◆ **Exercise prompt**: Within the entries below, please retype exactly the lines starting with the line that has "Trong khuôn viên" and going on through the line that has "今までにありそうでなかった金", but not the pictures.

◆ **Dataset extract**:
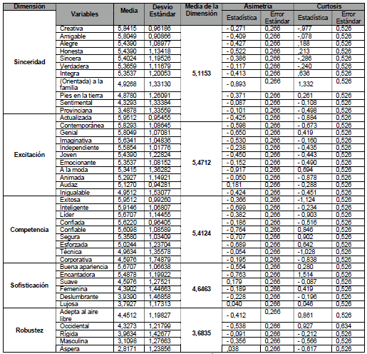En relación a los trazos de personalidad (las variables de cada dimensión), se destacan Creativa (=5,8415), Actualizada (=5,9512), Exitosa (=5,9512), Buena apariencia (=5,6707) y Adepta al aire libre (= 4,4512). Las variables Inteligente y Contemporánea también están entre las cinco mayores medias en general. Por otro lado, las medias más bajas dentro de cada dimensión fueron: Provinciana (=3,4878), Inigualable (=4,9512), Corporativa (=4,5976), Lujosa (=3,7927) y Áspera ( = 2,871). Vale destacar también que las variables Masculina y Deslumbrante presentaron medias que las ubican entre las peores. De forma similar a lo hallado por Lee & Kim (2017), las variables pertenecientes a la dimensión Robustez obtuvieron las menores medias y la variable Exitosa entre las medias más altas.
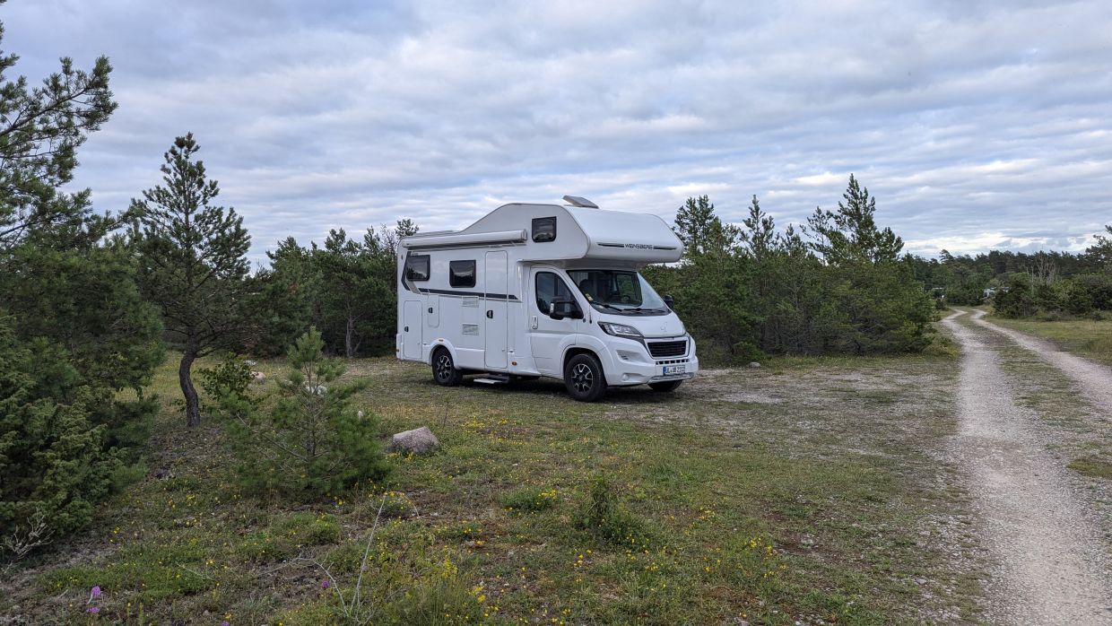 Wieder zurück an der Berta gab es ein Vesper, dann fuhren wir um 13:30 Uhr weiter gen Norden. Beim Anlassen der Berta machte sie plötzlich ein komisches Geräusch, das wir bisher nicht hatten. Udo vermutete den Auspuff, aber von außen war es nicht zu hören. So fuhren wir erst mal weiter gen Norden und bekamen nach dem Städtchen Byxelkrok einen günstigen Platz auf einem Wohnmobilstellplatz in der Natur – viel schöner als auf den großen und teuren Stellplätzen, wo ein Wohnmobil neben dem anderen steht. Leider gibt es hier ziemlich viele kleine Fliegen, aber nur die harmlosen, und die versuchten wir, so weit wie möglich aus der Berta fernzuhalten. Die Parkplätze in dieser Region sind alle mit Übernachtungsverbotsschildern versehen, so dass uns nichts anderes übrig blieb, als einen offiziellen Stellplatz zu nehmen.
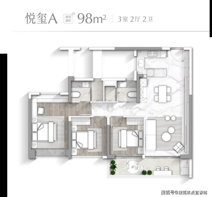 【悦玺A户型 建面约98㎡】
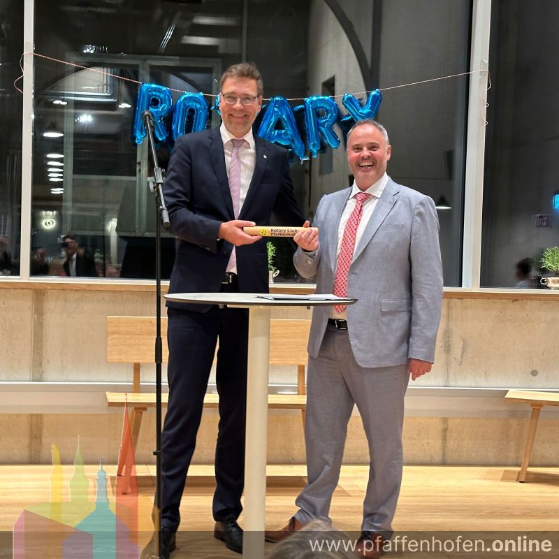 In weltweit über 33.000 Rotary Clubs wechseln die Präsidenten satzungsgemäß im Juni. Am vergangenem Samstag ging der Präsidentenstab des hiesigen Rotary Clubs Pfaffenhofen/Ilm von Matthias Schäfer auf den Präsidenten des rotarischen Jahres 2024/2025, Hans Bergmeister über.
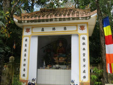 Trong khuôn viên chùa còn có Miếu Ông Thạch thờ một tượng đá xanh, điêu khắc phần âm dương nam, nữ (Yoni và Linga), đây là phiến đá cổ đã vài thế kỷ của người Chăm để lại với diện tích khoảng 1m2. Phần Linga nổi hẳn lên trên, phần Yoni khắc chìm xuống dưới rất khéo léo. Phiến đá Ông Thạch được thờ không chỉ như một tín ngưỡng mà còn là một tác phẩm điêu khắc nghệ thuật.
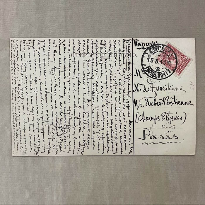 Письмо адресовано матери, Елизавете Оттовне, и отправлено художником из Парижа, куда он иммигрировал из России в 1921 году.
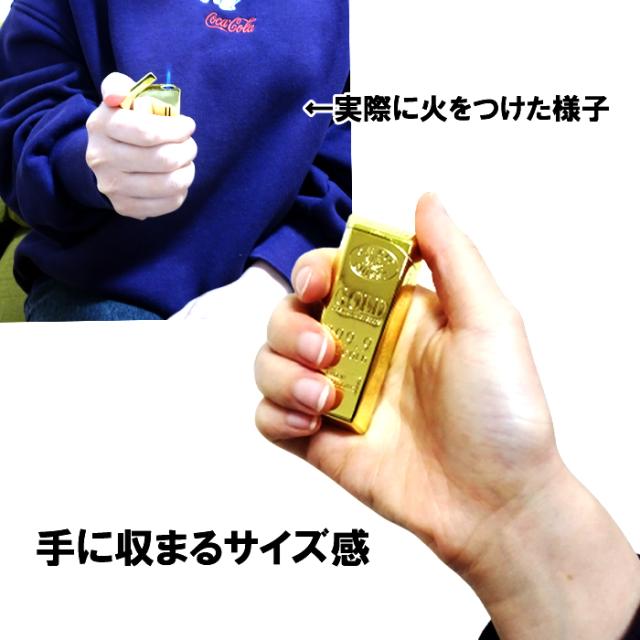 今までにありそうでなかった金の延べ棒デザインの金ぴかでゴージャスかつユニークなライターです。
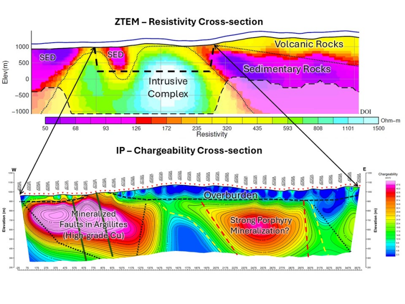 Figure 5: East-west orientated cross-section along UTM easting 5893450, looking north, of ZTEM resistivity (top) and IP chargeability (bottom). Note the data is at different scales, with the dashed box in the ZTEM cross-section indicating the approximate area of the chargeability data. The ZTEM data potentially indicates a strongly resistive intrusive complex (>600 Ohm-m), which extends to >2,000 m below the surface. A strong chargeability (>20 mV/V) response coincident with the intrusive complex is interpreted as potential porphyry-style mineralization. On the west side of the chargeability section, a very strong chargeability response (>40 mV/V) is coincident with a low resistivity response (<100 Ohm‑m) caused by outcropping graphitic argillites that host the high-grade copper mineralization encountered in surface sampling. The structurally controlled high-grade copper mineralization may be genetically associated with porphyry mineralization at depth or laterally.
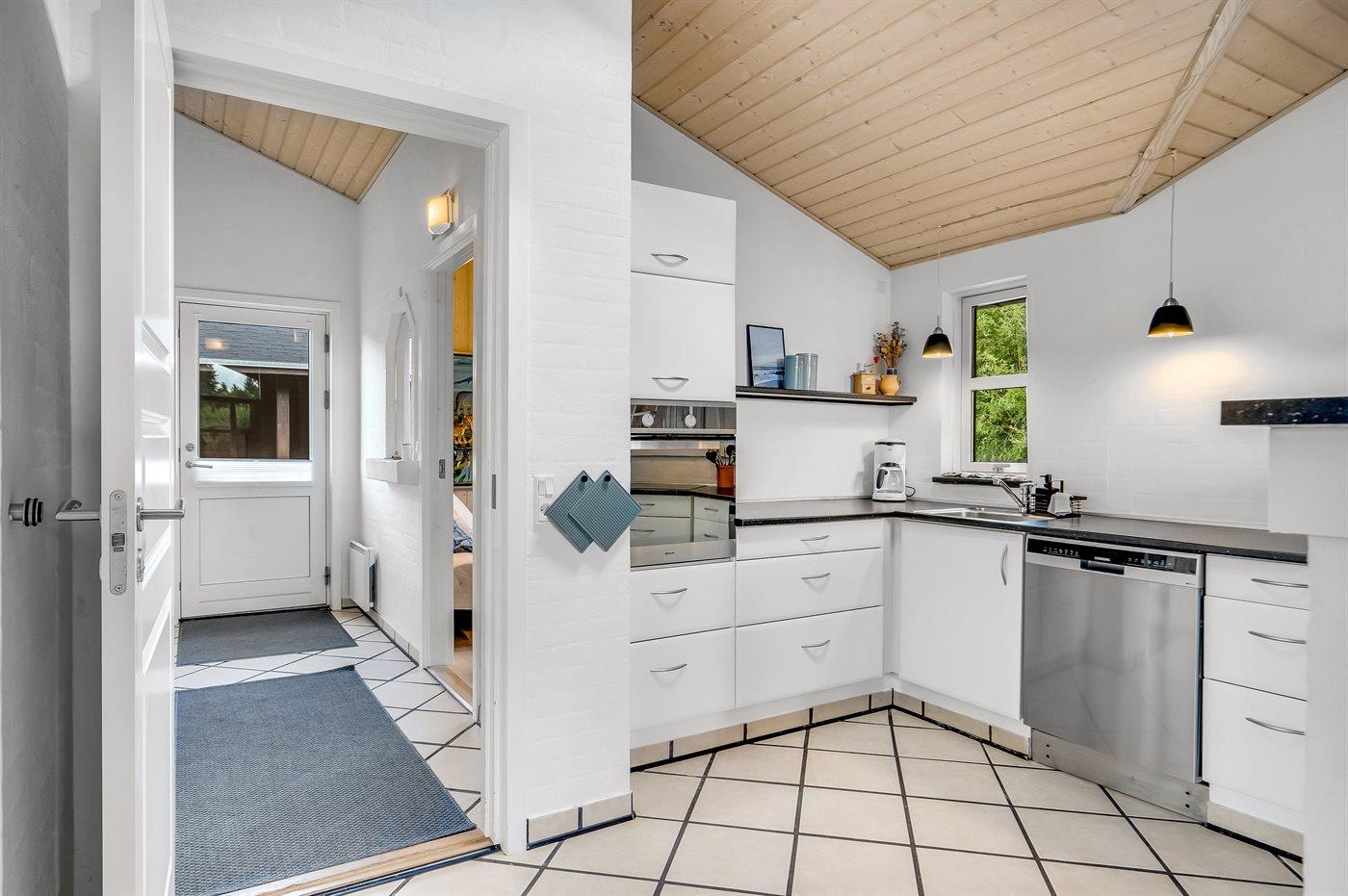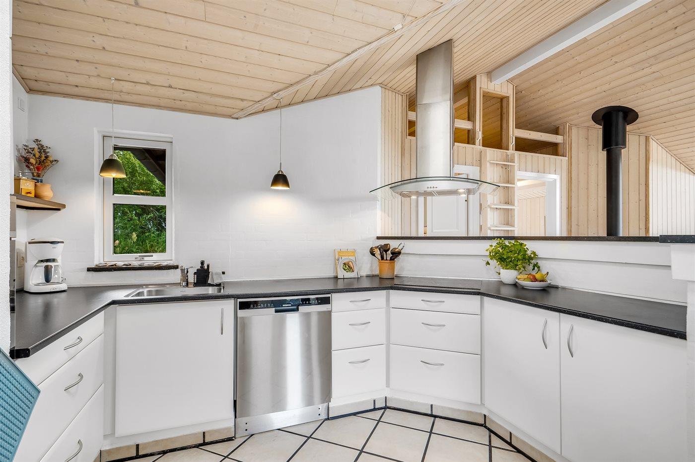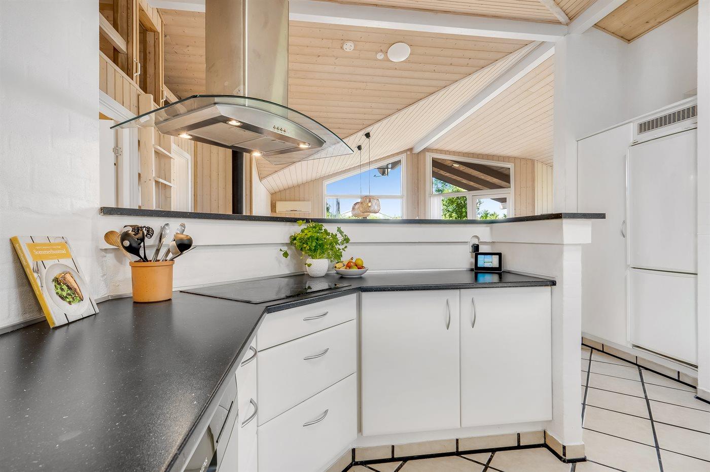Køkkenet er udstyret med 1 køleskab. Der er 4 keramiske kogeplader, varmluftovn, mikrobølgeovn samt opvaskemaskine.
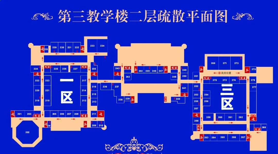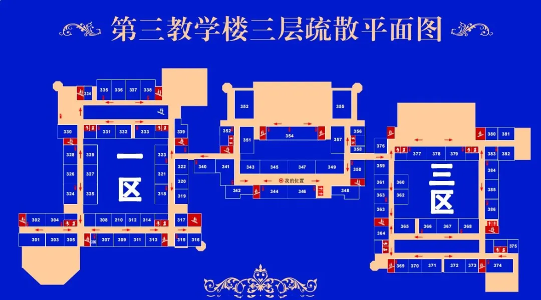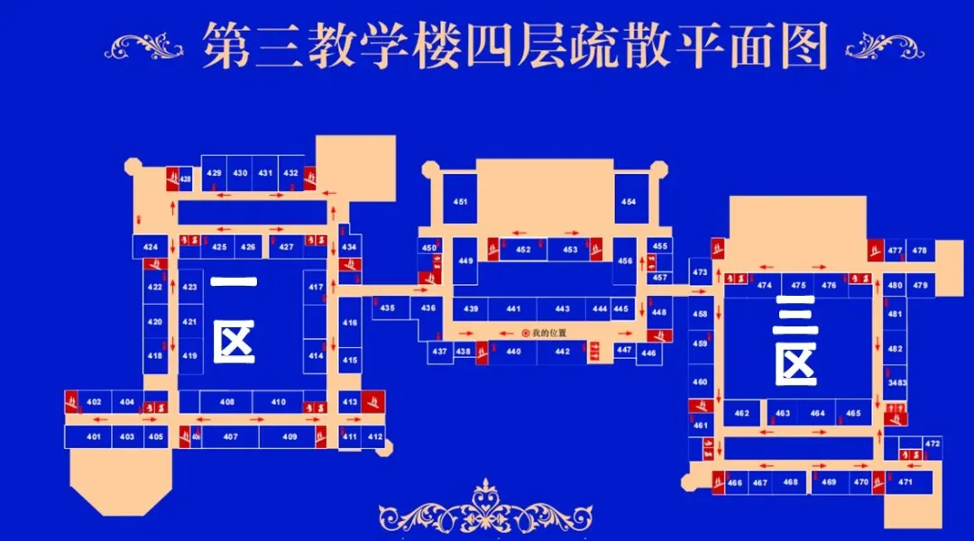 以下为第三教学楼1~4楼教室分布图,请通过扫描二维码,确定好对应考场的教室编号。

◆ **Result of this task**:
 Trong khuôn viên chùa còn có Miếu Ông Thạch thờ một tượng đá xanh, điêu khắc phần âm dương nam, nữ (Yoni và Linga), đây là phiến đá cổ đã vài thế kỷ của người Chăm để lại với diện tích khoảng 1m2. Phần Linga nổi hẳn lên trên, phần Yoni khắc chìm xuống dưới rất khéo léo. Phiến đá Ông Thạch được thờ không chỉ như một tín ngưỡng mà còn là một tác phẩm điêu khắc nghệ thuật.
 Письмо адресовано матери, Елизавете Оттовне, и отправлено художником из Парижа, куда он иммигрировал из России в 1921 году.
 今までにありそうでなかった金の延べ棒デザインの金ぴかでゴージャスかつユニークなライターです。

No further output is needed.